Stored items from a collection
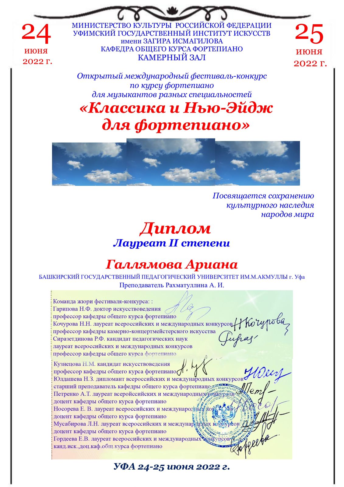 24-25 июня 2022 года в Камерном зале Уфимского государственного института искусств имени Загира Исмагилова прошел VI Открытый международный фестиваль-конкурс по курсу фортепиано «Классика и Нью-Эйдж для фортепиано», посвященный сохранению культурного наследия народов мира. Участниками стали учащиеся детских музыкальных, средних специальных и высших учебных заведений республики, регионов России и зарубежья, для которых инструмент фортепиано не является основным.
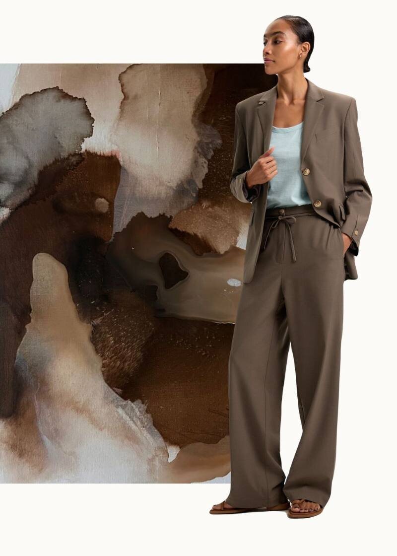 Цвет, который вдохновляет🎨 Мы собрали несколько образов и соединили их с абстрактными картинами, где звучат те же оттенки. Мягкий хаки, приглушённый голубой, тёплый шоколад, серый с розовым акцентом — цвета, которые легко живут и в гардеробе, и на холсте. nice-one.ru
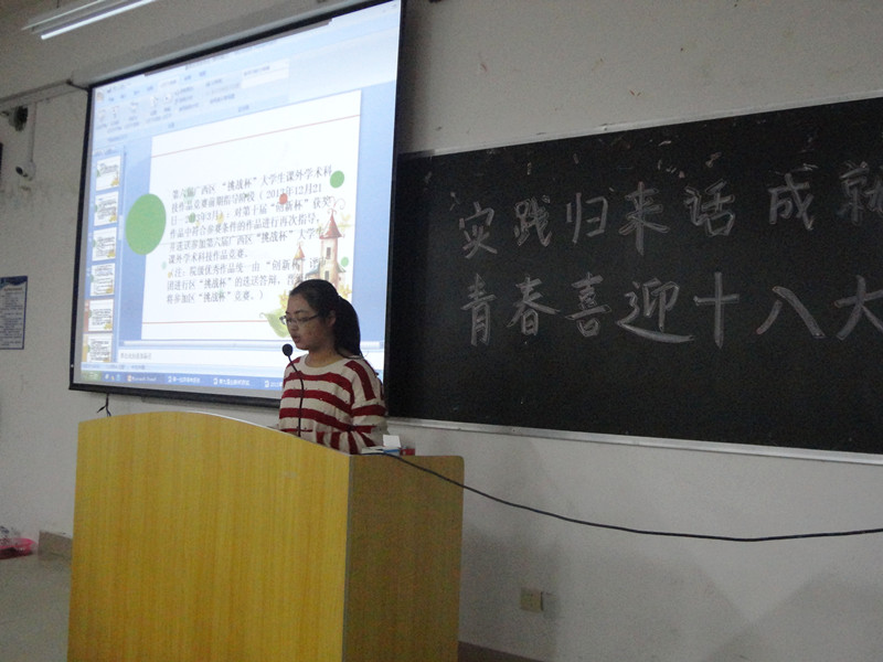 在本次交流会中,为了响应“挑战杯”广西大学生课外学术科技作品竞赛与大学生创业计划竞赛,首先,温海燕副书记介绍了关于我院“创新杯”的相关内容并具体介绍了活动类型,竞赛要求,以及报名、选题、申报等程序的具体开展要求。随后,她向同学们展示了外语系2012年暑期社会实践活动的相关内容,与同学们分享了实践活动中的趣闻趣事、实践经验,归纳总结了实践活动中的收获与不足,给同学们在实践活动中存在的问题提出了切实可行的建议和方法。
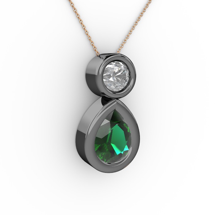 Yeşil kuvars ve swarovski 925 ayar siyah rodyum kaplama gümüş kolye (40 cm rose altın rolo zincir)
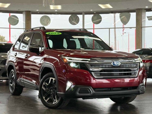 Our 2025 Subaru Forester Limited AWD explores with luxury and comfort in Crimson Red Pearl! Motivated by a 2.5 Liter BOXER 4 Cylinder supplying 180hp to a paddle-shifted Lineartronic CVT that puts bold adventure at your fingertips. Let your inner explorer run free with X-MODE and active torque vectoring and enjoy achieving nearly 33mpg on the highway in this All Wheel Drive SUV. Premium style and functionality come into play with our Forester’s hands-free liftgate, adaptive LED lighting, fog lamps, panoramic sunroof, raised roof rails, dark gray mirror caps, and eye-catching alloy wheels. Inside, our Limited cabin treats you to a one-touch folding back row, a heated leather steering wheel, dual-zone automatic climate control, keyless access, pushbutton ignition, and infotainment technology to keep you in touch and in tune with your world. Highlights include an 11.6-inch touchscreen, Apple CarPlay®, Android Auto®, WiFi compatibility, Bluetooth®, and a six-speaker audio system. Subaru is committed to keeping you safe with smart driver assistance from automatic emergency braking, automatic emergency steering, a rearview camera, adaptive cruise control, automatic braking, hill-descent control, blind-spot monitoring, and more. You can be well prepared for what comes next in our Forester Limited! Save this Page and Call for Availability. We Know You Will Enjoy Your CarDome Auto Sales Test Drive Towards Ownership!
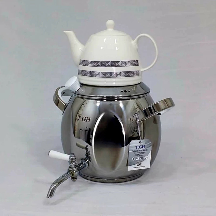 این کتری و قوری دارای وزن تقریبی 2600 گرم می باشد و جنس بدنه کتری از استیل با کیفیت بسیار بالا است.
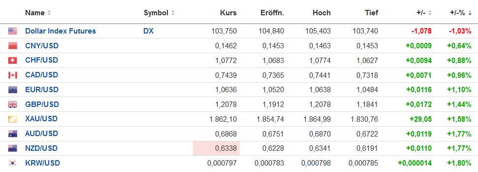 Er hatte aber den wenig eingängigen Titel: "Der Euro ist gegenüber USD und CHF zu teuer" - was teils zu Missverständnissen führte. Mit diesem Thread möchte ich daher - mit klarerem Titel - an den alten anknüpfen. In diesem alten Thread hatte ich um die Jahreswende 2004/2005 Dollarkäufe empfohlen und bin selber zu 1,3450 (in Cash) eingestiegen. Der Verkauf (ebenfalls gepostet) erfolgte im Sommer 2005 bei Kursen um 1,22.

▶ _WHAT THE TASK ASKS_
Begin the copy at the line containing "این کتری و قوری" and end it at the last line of the records; transcribe exactly and exclude pictures.

▶ _WRITTEN ANSWER_
 این کتری و قوری دارای وزن تقریبی 2600 گرم می باشد و جنس بدنه کتری از استیل با کیفیت بسیار بالا است.
 Er hatte aber den wenig eingängigen Titel: "Der Euro ist gegenüber USD und CHF zu teuer" - was teils zu Missverständnissen führte. Mit diesem Thread möchte ich daher - mit klarerem Titel - an den alten anknüpfen. In diesem alten Thread hatte ich um die Jahreswende 2004/2005 Dollarkäufe empfohlen und bin selber zu 1,3450 (in Cash) eingestiegen. Der Verkauf (ebenfalls gepostet) erfolgte im Sommer 2005 bei Kursen um 1,22.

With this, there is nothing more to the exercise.